Schématiquement, les fintechs ont deux manières d’opérer. Soit, elles s’adossent à des entités qui sont elles-mêmes régulées, et opèrent donc en tant que courtier ou agent, soit elles obtiennent leur propre licence. Jordane Giuly qui avait précédemment cofondé Spendesk a expérimenté les deux options et vante largement les mérites de la seconde. « Le jour où l’on souhaite vraiment grossir et disrupter le marché, on n'a pas d’autres choix que d’internaliser ces compétences. Il faut maîtriser toute la chaîne de valeur. Si on fonctionne sur les rails existants d’une autre entreprise, on est aussi tributaire de ses process. Or l’avantage des fintech par rapport aux acteurs traditionnels, c’est justement la capacité à automatiser un certain nombre de process et à aller vite », explique-t-il.
Defacto est ainsi devenue en mars la première fintech de prêt B2B à être agréée par l’Autorité de contrôle prudentiel et de résolution (ACPR), une institution intégrée à la Banque de France, chargée de la surveillance de l'activité des banques et des assurances en France. La startup qui offre une solution de crédits intelligents aux PME européennes franchit une étape significative en obtenant sa licence de Société de financement. La startup rejoint un groupe exclusif de fintechs agréées telles qu'Alma, également société de financement ou Klarna et Younited, qui sont eux agréés établissements de crédit.
Un gage de confiance pour les clients et pour les investisseurs
En intégrant la conformité de manière transparente dans leurs produits, tels que la réglementation contre le blanchiment d'argent (AML) et le financement du terrorisme (CFT), les fintechs peuvent renforcer leur avantage concurrentiel et gagner la confiance de leurs clients comme de leurs partenaires. « Nos plus gros clients vont regarder si nous avons cette licence », confirme Jordane Giuly.

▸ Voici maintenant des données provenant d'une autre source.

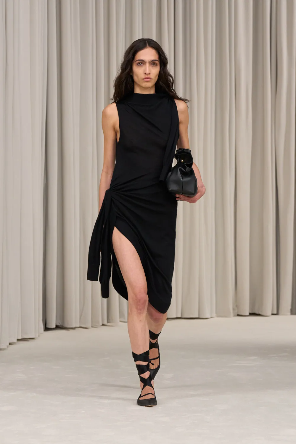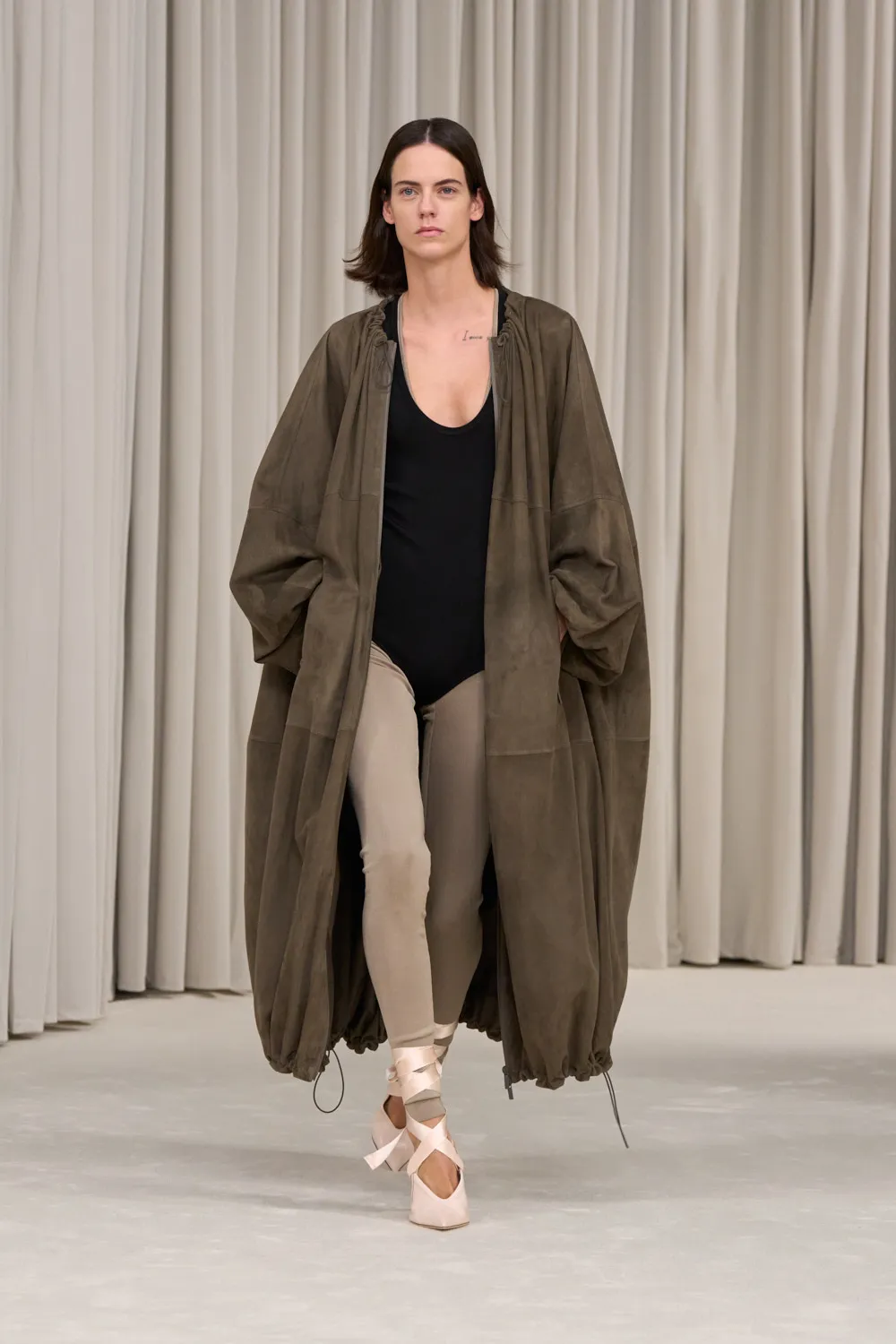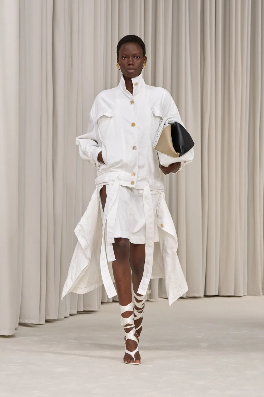 Algo que me sorprende en el temerario realismo que han adoptado los diseñadores, es la utilización tan pragmática de mostrar ropa arrugada como la normativa del día. Esa imperfección tan molesta, que tratamos de borrar con una plancha, ¡pum! Es símbolo de habitualidad y delicadeza mondo. En Ferragamo, Maximilian Davis cree que la tierna pulcritud del ballet, conjuga con su inspiración que se entrelaza entre la historia de la casa y la armonía de la danza.
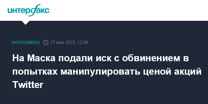 Москва. 27 мая. INTERFAX.RU - Акционеры Twitter Inc подали в суд на Илона Маска, обвинив его в "противоправном поведении" и попытках манипулировать стоимостью акций компании.

« La licence est un gage de confiance non seulement auprès des clients, mais aussi auprès des investisseurs. Le respect du cadre règlementaire et l’obtention d’une licence est un élément clé de notre analyse », partage Olivier Boisserie.
Un régulateur français particulièrement strict
« En Europe, tous les pays ont des réglementations différentes, et le cadre réglementaire de la France est relativement strict, en particulier sur le crédit », partage Olivier Boisserie. En effet, en fonction des pays, les dogmes sont différents. La BaFin en Allemagne, par exemple, va être plus permissive avec les petits acteurs, et au fur et à mesure qu’ils grossissent, elle va leur imposer des couches de réglementation additionnelles. En France, l’ACPR part du principe que toutes les entreprises régulées doivent respecter les mêmes exigences.
Pour obtenir l’agrément, il faut présenter un dossier, dans lequel sont précisément décrits l’offre, le marché, les procédures, notamment celles liées à la gestion des risques et aux réglementations sous-jacentes. Le régulateur français examine le dossier en détails puis certifie ou non que la société est conforme aux réglementations en vigueur. « Obtenir l’agrément ne représente pas d’investissements spécifiques. C’est plus un travail de longue haleine et la traduction d’une certaine philosophie business. Quand on réussit à l’obtenir, cela signifie que dès le début, on ne s’est pas concentrés uniquement sur le développement du business, mais qu’on a réfléchi à toute la chaîne de valeur », conclut Jordane Giuly.